Word for word, quote the lines from the one containing "Vackra tre konstfjärilar" to the end of the entries below, including both. Leave pictures out.

(Extracted records)
········
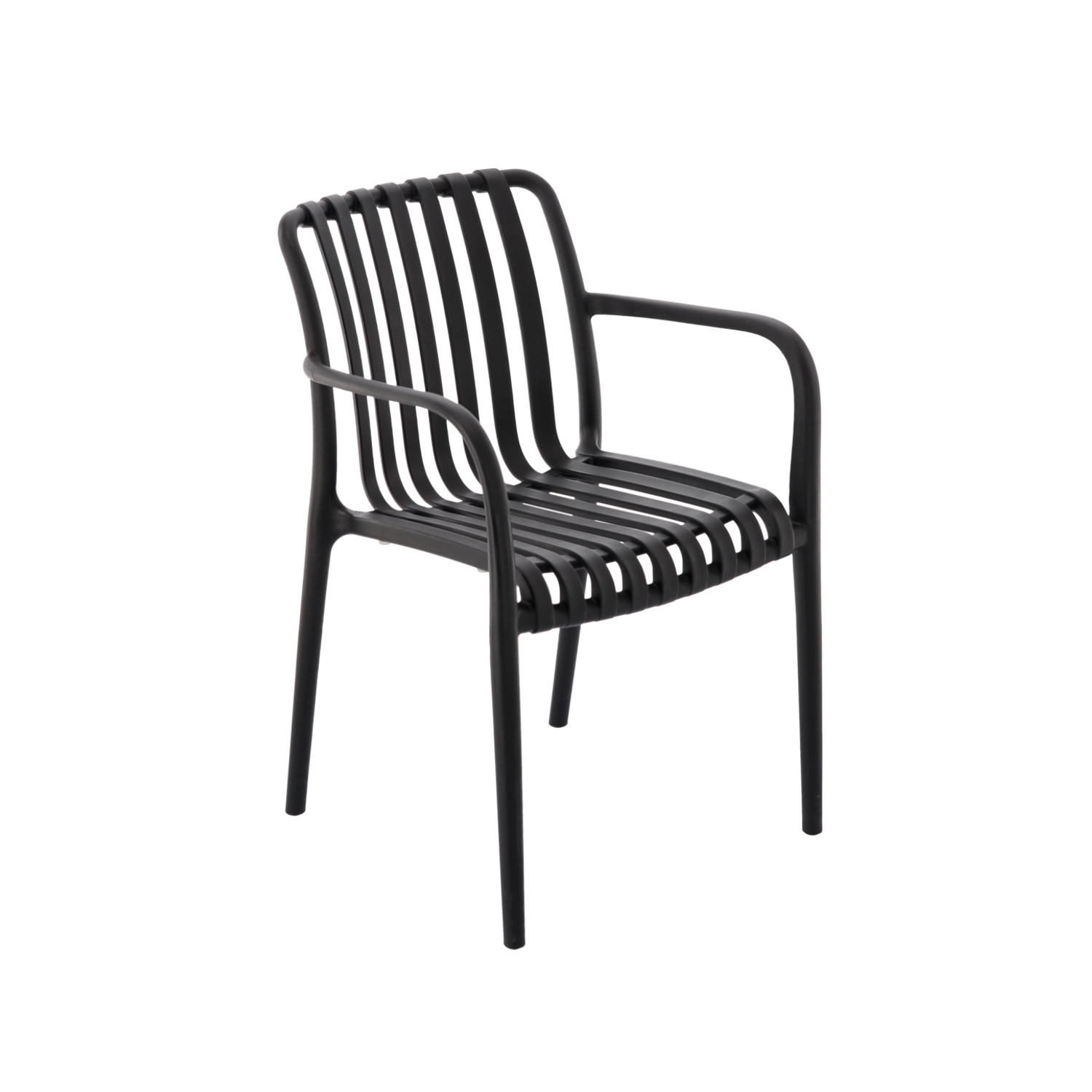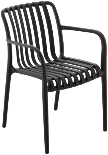 Chaise de jardin élégante et résistante en plastique de haute qualité, coloris noir, avec filtre UV. Parfaite pour le jardin, la terrasse et le balcon, elle offre une forme ergonomique pour un assise confortable, est résistante aux intempéries et facile à nettoyer. Charge maximale 110 kg.
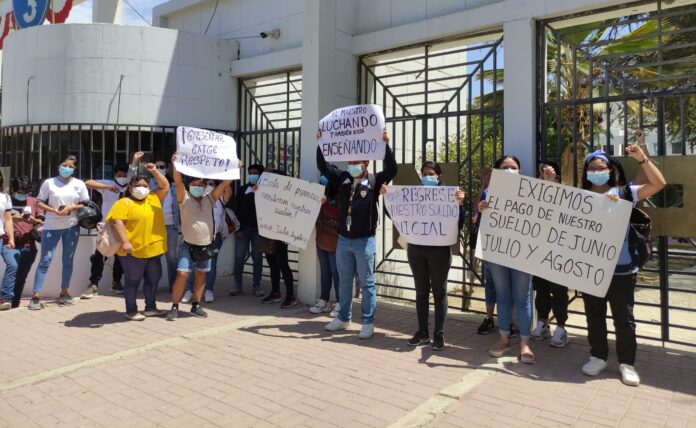 Más de 30 docentes del colegio Carlota Ramos de Santolaya protestaron la mañana del viernes 17 de septiembre en el exterior de la Universidad Nacional de Piura (UNP) para exigir el pago de sus salarios que les deben desde hace cuatro meses.
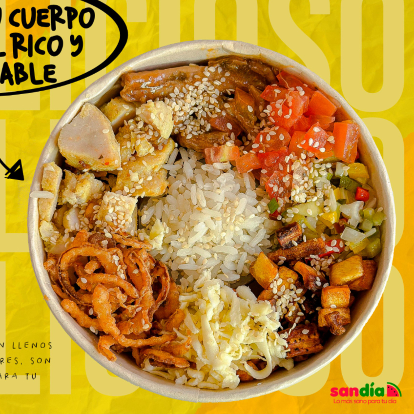 Delicioso bowl de arroz acompañado de 2 proteínas a elección, base a elección.
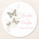 Vackra tre konstfjärilar och blommigt snurra i rosa, kräm, akvatal och brunt, minneshögtid över bröllop pappra underlägg. Ett underbart personligt tillskott till bord i bröllop eller till efter bröllop. Anpassa med din brud och putsar namn. Perfekt för fjärilsmassa eller trädgårdsbröllop. Sarah Trett målade på ett unikt sätt i vattenfärg och design.
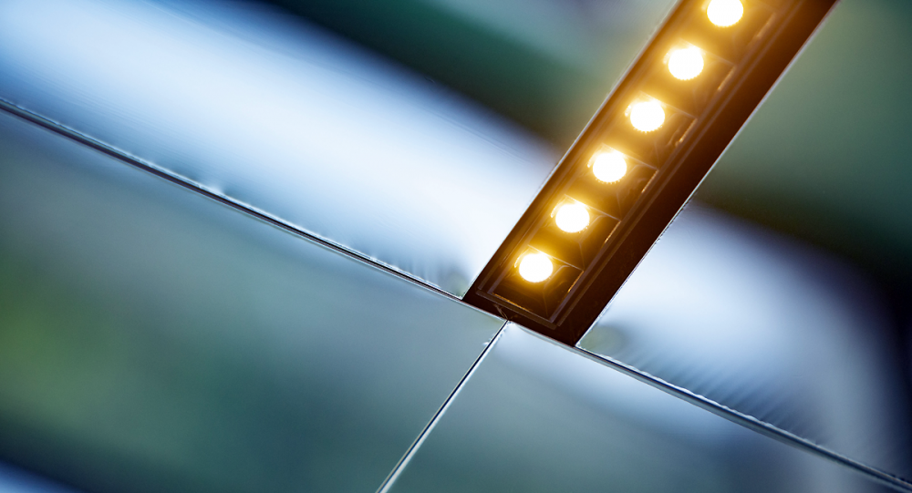 CF Tapissier Décoration a travaillé en collaboration avec une entreprise d'électricité afin que l'alignement des luminaires et des plafonds miroirs soit parfaitement horizontal.
········
Exercise output
 Vackra tre konstfjärilar och blommigt snurra i rosa, kräm, akvatal och brunt, minneshögtid över bröllop pappra underlägg. Ett underbart personligt tillskott till bord i bröllop eller till efter bröllop. Anpassa med din brud och putsar namn. Perfekt för fjärilsmassa eller trädgårdsbröllop. Sarah Trett målade på ett unikt sätt i vattenfärg och design.
 CF Tapissier Décoration a travaillé en collaboration avec une entreprise d'électricité afin que l'alignement des luminaires et des plafonds miroirs soit parfaitement horizontal.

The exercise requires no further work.